**Material provided**
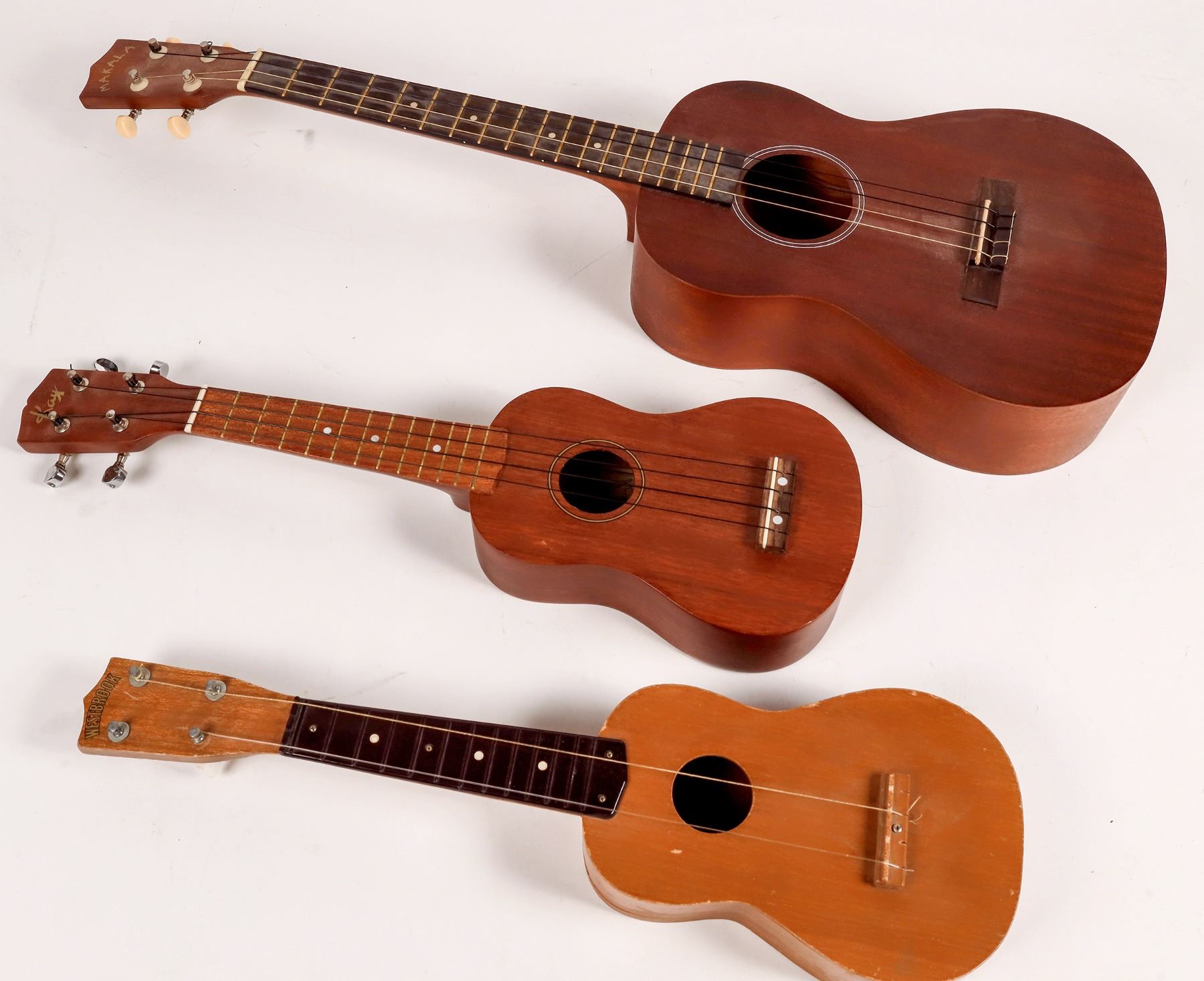 This lot contains a Makala baritone ukulele MB-K 1110; a Kay soprano ukulele model U-10, and a Westbrook soprano souvenir ukulele. The Makala is in excellent condition, koa wood construction. The Kay is also in excellent condition, koa construction. The Westbrook is in good condition with two strings.
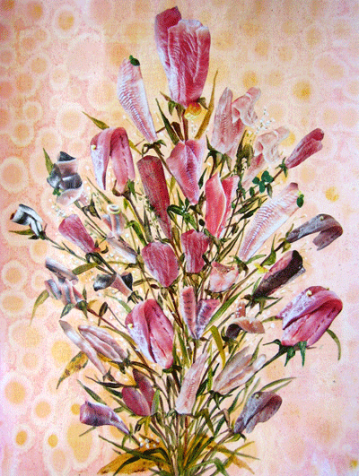 화단(세부), 종이위에 유화, 콜라쥬, 109x234cm, 2011
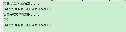 在父类的构造器中调用了amethod()方法,实际上是调用了子类重写父类的amethod()方法,输出"Derives.amethod()"
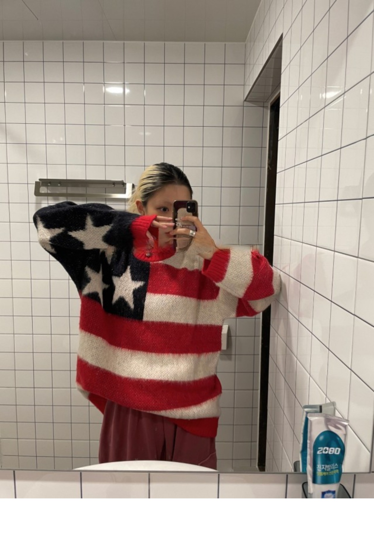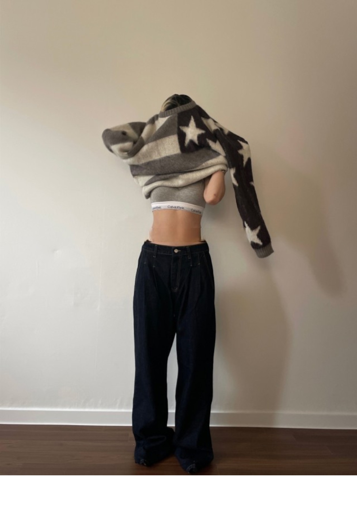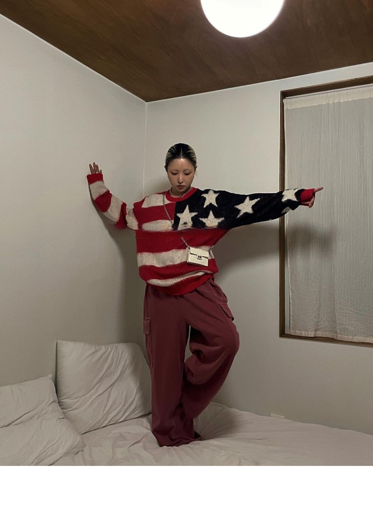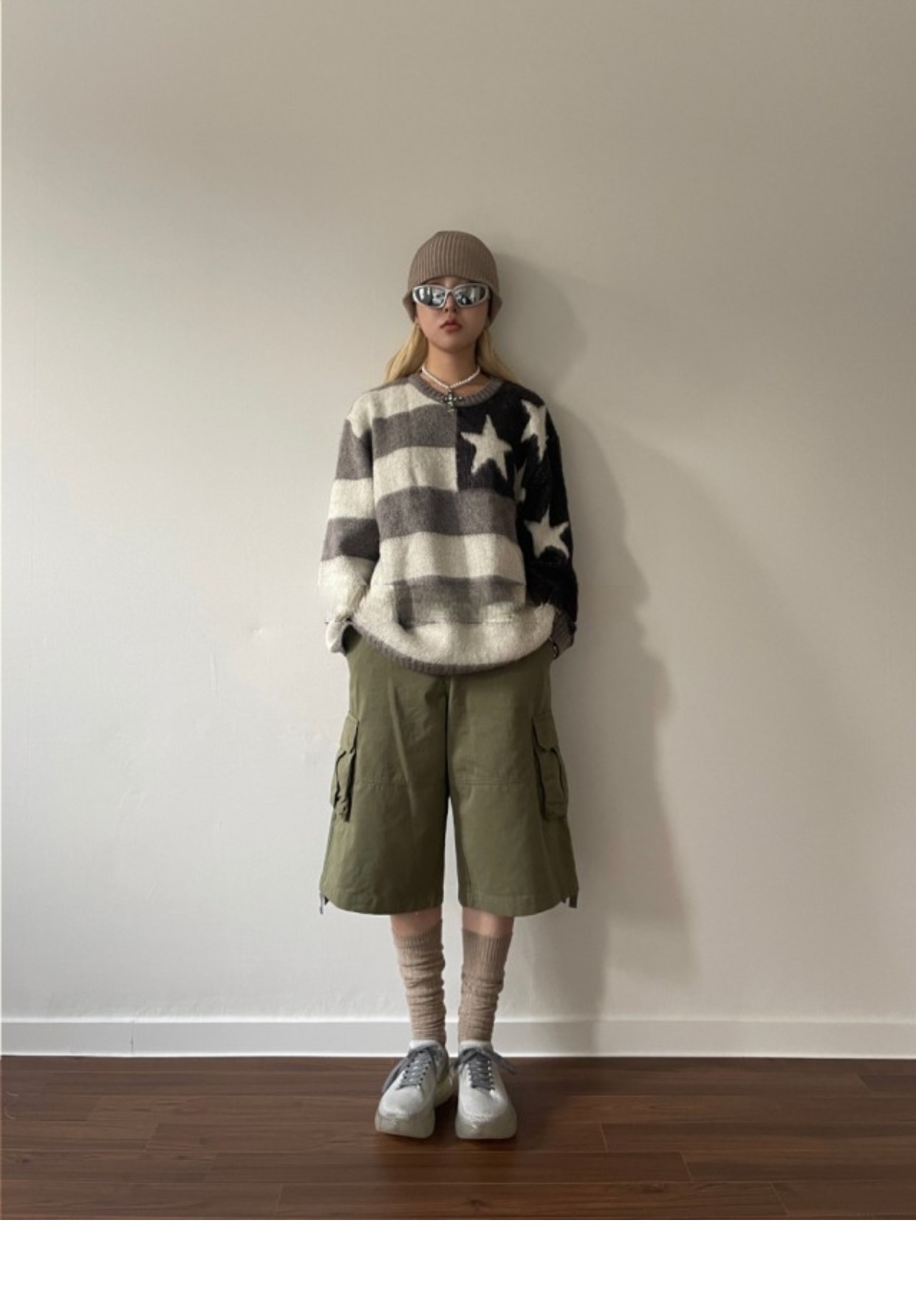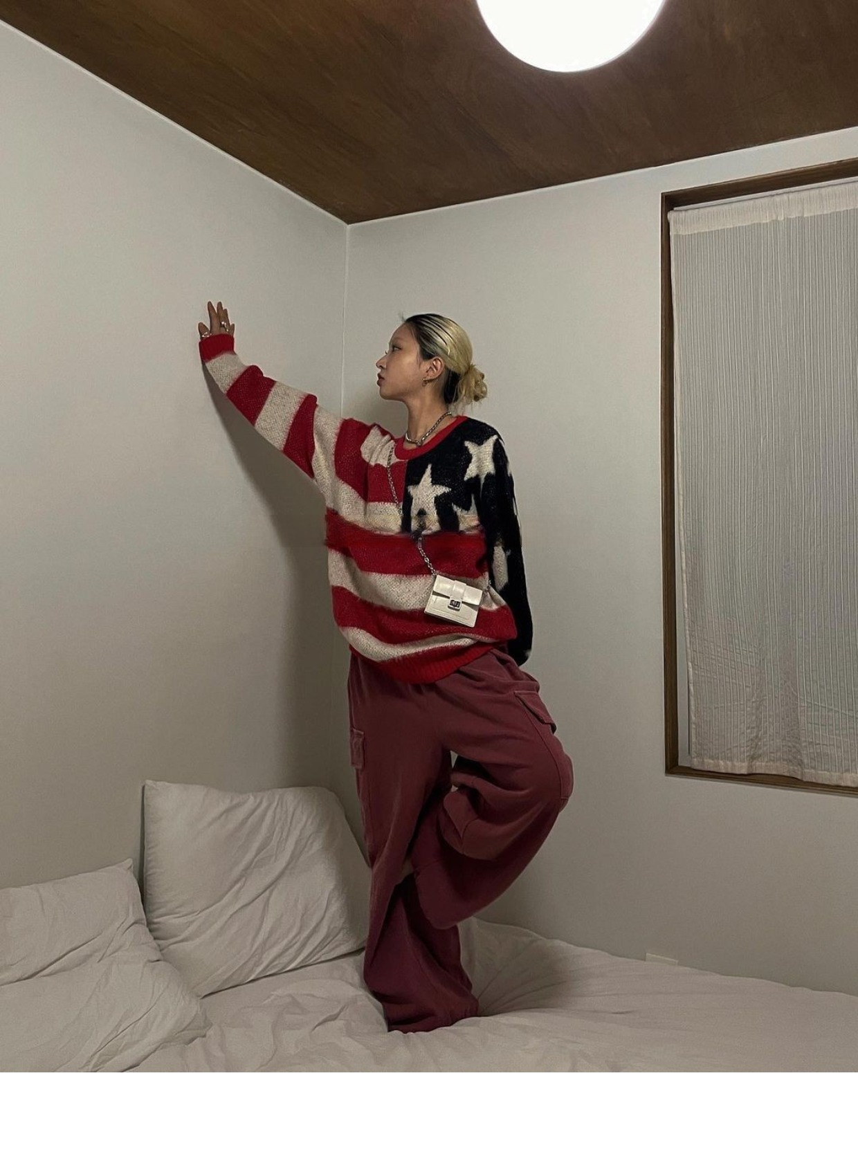 American Vintage Street Fashion Star Stripe Spliced Round Neck Loose Sweater

**Description of the task**
Every line of the material must be returned exactly; leave the images out.

**Exercise answer**
 This lot contains a Makala baritone ukulele MB-K 1110; a Kay soprano ukulele model U-10, and a Westbrook soprano souvenir ukulele. The Makala is in excellent condition, koa wood construction. The Kay is also in excellent condition, koa construction. The Westbrook is in good condition with two strings.
 화단(세부), 종이위에 유화, 콜라쥬, 109x234cm, 2011
 在父类的构造器中调用了amethod()方法,实际上是调用了子类重写父类的amethod()方法,输出"Derives.amethod()"
 American Vintage Street Fashion Star Stripe Spliced Round Neck Loose Sweater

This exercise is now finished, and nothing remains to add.